• What to work on
Nothing but the pictures may be dropped; the rest of the listing is to be written out exactly.

[Data extract Boundary: Start]

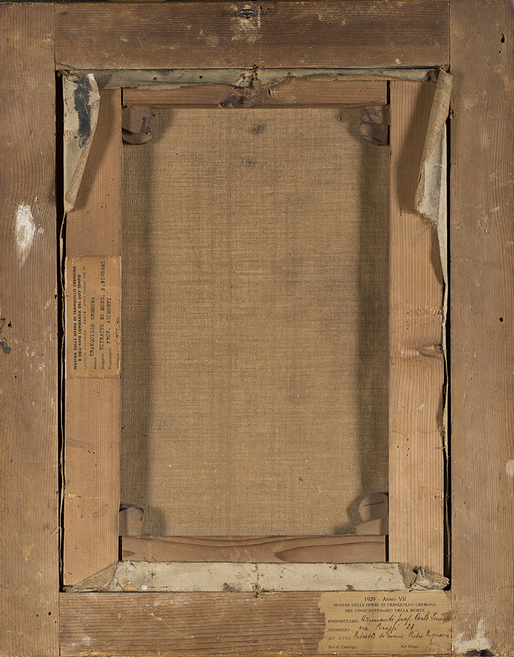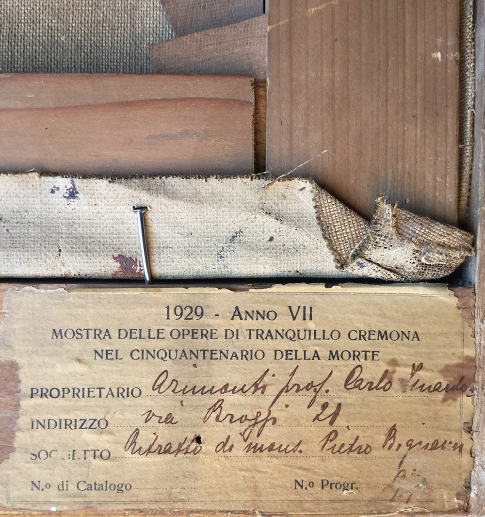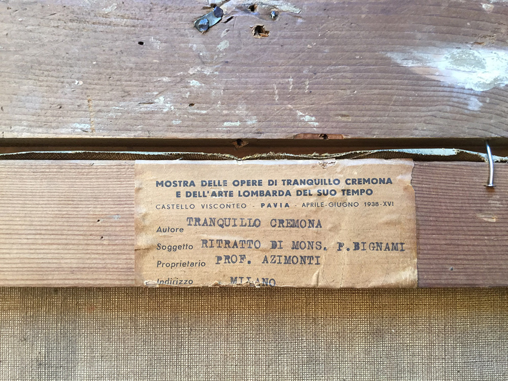 Tranquillo Cremona (Pavia 1837 - Milano 1878) "Ritratto di monsignor Pietro Bignami" olio su tela (cm 41x30) Siglato in basso a sinistra Al retro: cartigli Provenienza: Monza, Pietro Bignami; Milano, Carlo Azimonti dal 1929 al 1938 Esposizioni: 1929, Milano mosta delle opere di Tranquillo Cremona nel cinquantenario della morte. Cartiglio al retro; 1938 aprile/giugno Mostra delle opere di "Tranquillo Cremona e dell'arte lombarda del suo tempo" Pavia castello Visconteo, n. 117. Cartiglio al retro Bibliografia: Pisa, 1899 pag.68; Mostra commemorativa 1929, n.2; Nicodemi 1933 pag. 230; Catalogo 1938 mostra delle opere di "Tranquillo Cremona e dell'arte lombarda del suo tempo" opera citata a pag.31; R.Bossaglia "Tranquillo Cremona Catalogo Ragionato" 1994 Federico Motta Editore, opera citata e riprodotta in bianco e nero a pag.181 tav.201 In cornice
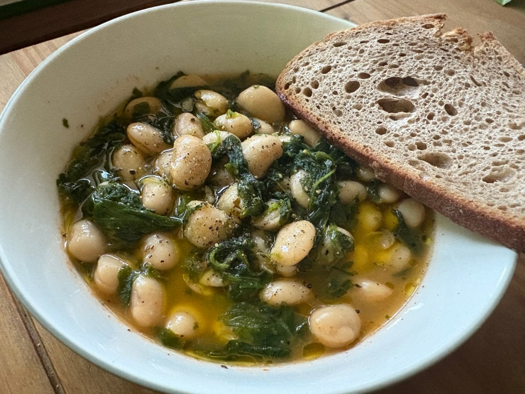 Hinterher etwas Gewusel – Müll wegbringen, nach der Post gucken (noch nicht da) und dann erstmal Mittagessen kochen. Ich mische TK-Spinat und Dosenbohnen, koche beides in Acqua Faba mit Parmesanrinde und etwas Tomatenmark und gebe dann Zitrone, Pfeffer und Olivenöl oben drauf, dazu eine Scheibe Brot – sehr leckeres, gesundes, ausgewogenes Mittagessen und eine Portion für morgen bleibt auch übrig.
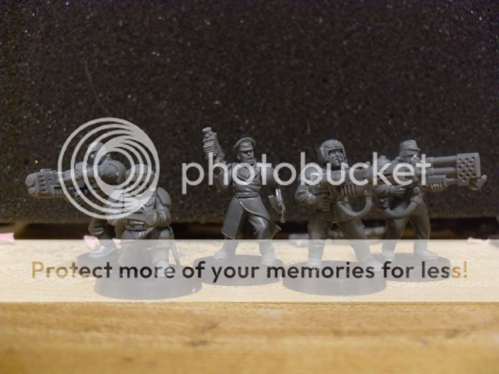 Just finished assembling my pal's Company Command Box Set. I do have to say that I'm partly impressed and partly disappointed in the kit. High points include lots of customizable bits for making up to a 5 man command in several configurations. Low points are the obvious cheapskating on GW's part in the design of their special weapons(the flamer is identical to the one from the infantry platoon box set and both the meltagun and plasmagun are direct copies of the space marine weapons just with an IG arm already attached and a small side peg added for the second arm to attach to). Also, it would have been nice if there was an option to NOT use the bionic arm if you wanted to equip a member with a power weapon, but oh well.. Anyways, here's some pics of what he wanted assembled:
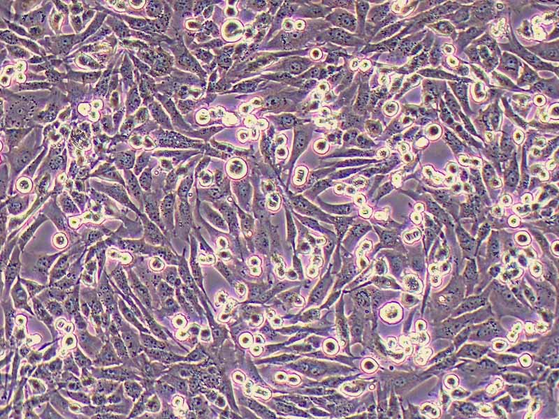 大部分贴壁细胞培养时都会有一些圆形透亮的细胞存在,也会有一些圆形细胞脱落悬浮的情况存在,这种主要是一些新增殖的细胞或由于局部空间不足被挤出的细胞,只要细胞持续增殖,都会有一些圆形细胞或脱落漂浮细胞,不影响细胞整体增殖和实验,保持正常换液、传代周期即可。细胞具体情况也可以参考细胞库不同细胞照片比对,大部分贴壁细胞都会有圆形细胞、脱落细胞、细胞内颗粒等情况。

[Data extract Boundary: End]

• Result of the exercise
 Tranquillo Cremona (Pavia 1837 - Milano 1878) "Ritratto di monsignor Pietro Bignami" olio su tela (cm 41x30) Siglato in basso a sinistra Al retro: cartigli Provenienza: Monza, Pietro Bignami; Milano, Carlo Azimonti dal 1929 al 1938 Esposizioni: 1929, Milano mosta delle opere di Tranquillo Cremona nel cinquantenario della morte. Cartiglio al retro; 1938 aprile/giugno Mostra delle opere di "Tranquillo Cremona e dell'arte lombarda del suo tempo" Pavia castello Visconteo, n. 117. Cartiglio al retro Bibliografia: Pisa, 1899 pag.68; Mostra commemorativa 1929, n.2; Nicodemi 1933 pag. 230; Catalogo 1938 mostra delle opere di "Tranquillo Cremona e dell'arte lombarda del suo tempo" opera citata a pag.31; R.Bossaglia "Tranquillo Cremona Catalogo Ragionato" 1994 Federico Motta Editore, opera citata e riprodotta in bianco e nero a pag.181 tav.201 In cornice
 Hinterher etwas Gewusel – Müll wegbringen, nach der Post gucken (noch nicht da) und dann erstmal Mittagessen kochen. Ich mische TK-Spinat und Dosenbohnen, koche beides in Acqua Faba mit Parmesanrinde und etwas Tomatenmark und gebe dann Zitrone, Pfeffer und Olivenöl oben drauf, dazu eine Scheibe Brot – sehr leckeres, gesundes, ausgewogenes Mittagessen und eine Portion für morgen bleibt auch übrig.
 Just finished assembling my pal's Company Command Box Set. I do have to say that I'm partly impressed and partly disappointed in the kit. High points include lots of customizable bits for making up to a 5 man command in several configurations. Low points are the obvious cheapskating on GW's part in the design of their special weapons(the flamer is identical to the one from the infantry platoon box set and both the meltagun and plasmagun are direct copies of the space marine weapons just with an IG arm already attached and a small side peg added for the second arm to attach to). Also, it would have been nice if there was an option to NOT use the bionic arm if you wanted to equip a member with a power weapon, but oh well.. Anyways, here's some pics of what he wanted assembled:
 大部分贴壁细胞培养时都会有一些圆形透亮的细胞存在,也会有一些圆形细胞脱落悬浮的情况存在,这种主要是一些新增殖的细胞或由于局部空间不足被挤出的细胞,只要细胞持续增殖,都会有一些圆形细胞或脱落漂浮细胞,不影响细胞整体增殖和实验,保持正常换液、传代周期即可。细胞具体情况也可以参考细胞库不同细胞照片比对,大部分贴壁细胞都会有圆形细胞、脱落细胞、细胞内颗粒等情况。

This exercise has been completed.